Namun, karena terbentur biaya. Dirinya tak menlanjutkan pendidikan ke perguruan tinggi. Dirinya memilih masuk Akabri.
Saat itu, selain mendaftar di Akabri, dirinya juga mendaftar ke Sekolah Pemerintahan Dalam Negeri (STPDN) dan Sekolah Tinggi Transportasi Darat (STTD).
"Tapi kesemuanya bentrok hingga akhirnya memilih Akabri," kata pria yang memiliki hobi olahraga badminton ini.
Lulus seleksi dari Kodam Jawa Barat, ia pun bereangkat ke Magelang untuk memulai pendidikan di Akabri.
Saat itu, sang ayah berpesan jika dirinya tak lulus di Magelang.
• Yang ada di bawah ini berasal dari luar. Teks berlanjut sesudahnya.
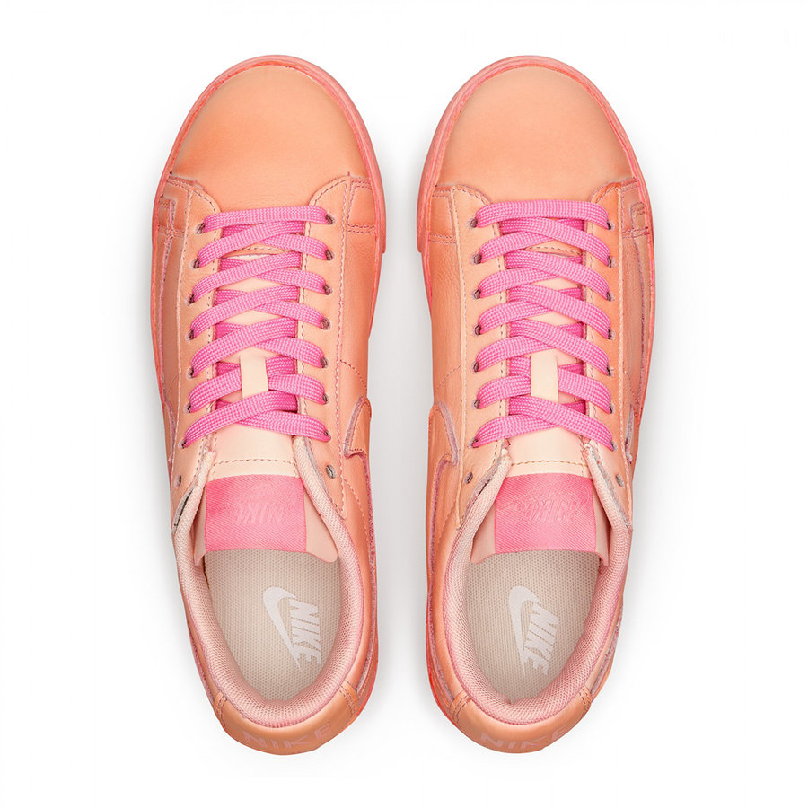 设计蓝本沿用了 Blazer Low 经典的低帮鞋型,独特的浸染效果,让鞋身整体呈现出斑驳的粉红质感,十分讨喜。

Ia diminta untuk tidak berkecil hati.
Menurut Hadi, ayahnya hanya memberikan uang saku sebesar Rp 1,5 juta.
Baru saja tiba di Akmil, Hadi disuguhi pemandangan taruna Akmil yang sedang berlatih pada pukul 04.00 WIB subuh.
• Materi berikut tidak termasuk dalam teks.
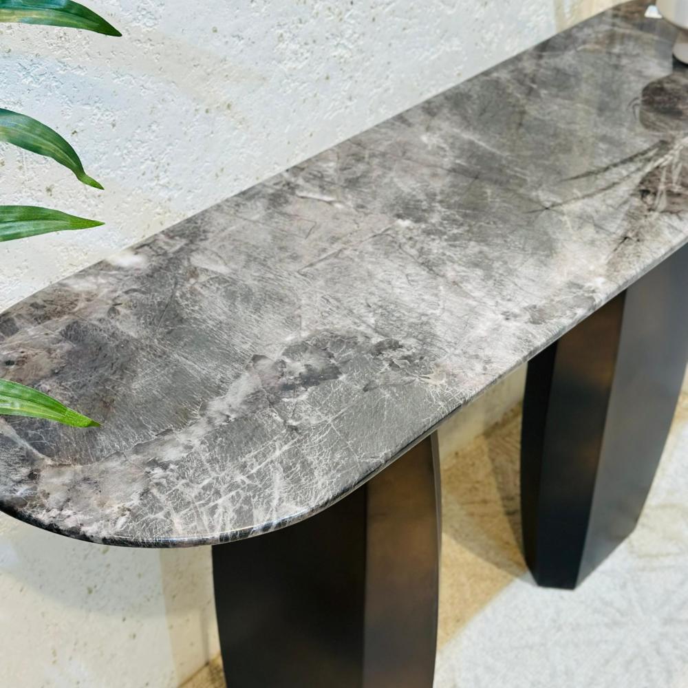 سطح الطاولة من رخام رمادي فاخر مع عروق طبيعية تضفي لمسة راقية، فيما تأتي القاعدة على شكل أرجل معدنية سوداء بتصميم منحني يعكس الثبات والتميز.

"Lihat taruna Akmil lari-lari gak pakai baju, saya jadi kepikiran, apa bakal begini saya nanti. Wah bisa stres juga saya," ujarnya.
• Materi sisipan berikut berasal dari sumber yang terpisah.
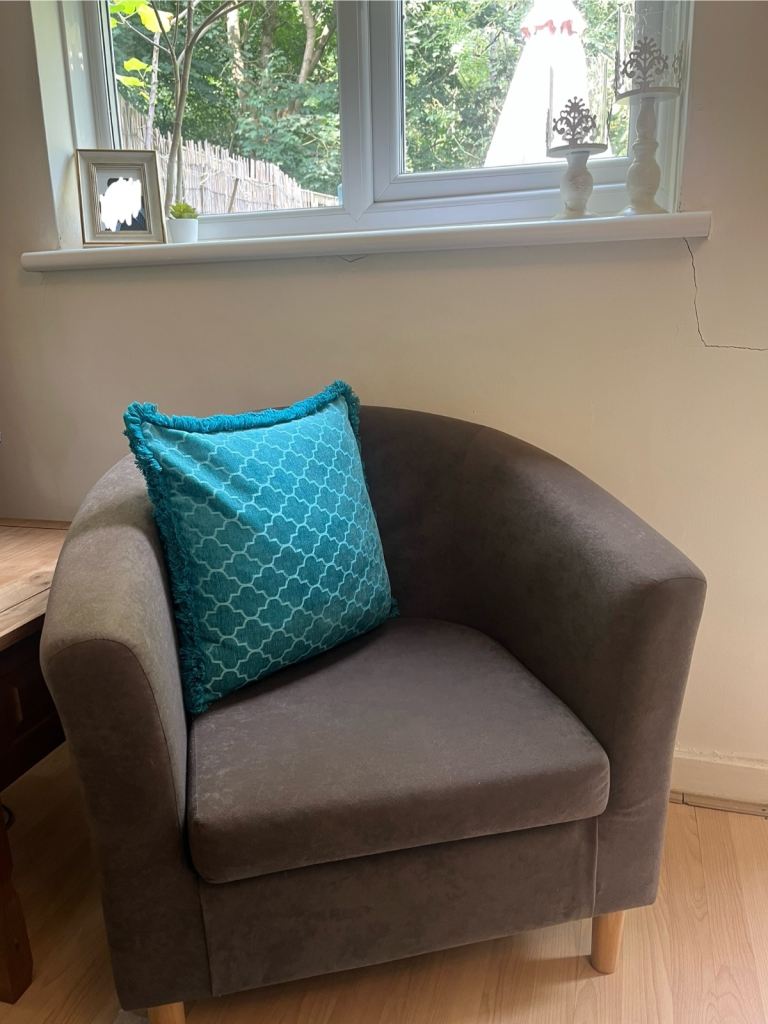 Stunning brown tub chair in absolutely pristine condition.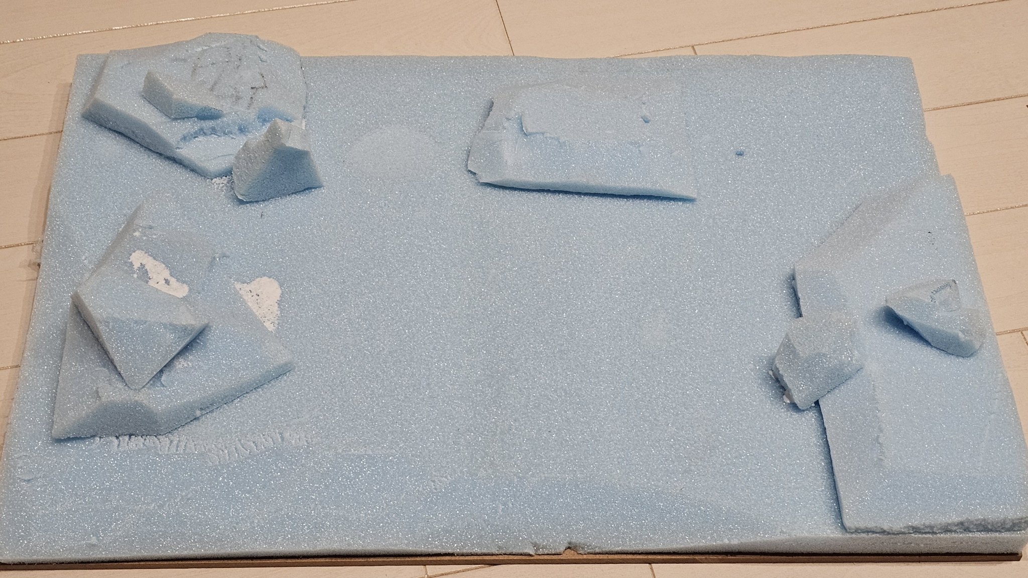 100均の板の上にスタイロフォームを貼り付けてます。ジオラマ本体の作成時間は4時間ほどになります。

"Saya berdoa, kalau memang ini yang terbaik ya Allah, maka luluskanlah. Kalau bukan, ya sudah. Jadi, saya merasa gak ada beban sama sekali," tambahnya.
Saat menjalani masa pendidikan di Akmil Magelang, ia tidak pernah merasa paling pintar. Pasalnya, ia menilai, teman-teman seangkatannya di Akmil banyak yang pintar-pintar pula.
Hadi pun memiliki sebuah prinsip yang ia pegang teguh semasa hidupnya.
"Ketika kita lajang, perjuangan kita diniatkan untuk kedua orang tua kita, minimal bisa membanggakan mereka," terang Hadi.
"Ketika kita sudah berumah tangga, kita niatkan untuk anak dan istri kita," imbuhnya.
Prinsip itulah yang ia pegang kala menjatuhkan pilihan untuk melanjutkan pendidikannya ke Akabri.
"Waktu itu saya mendaftar Akabri saya niatkan untuk membantu orang tua saya, biar gak ngerepotin, terutama dalam hal membiayai pendidikan," kata dia.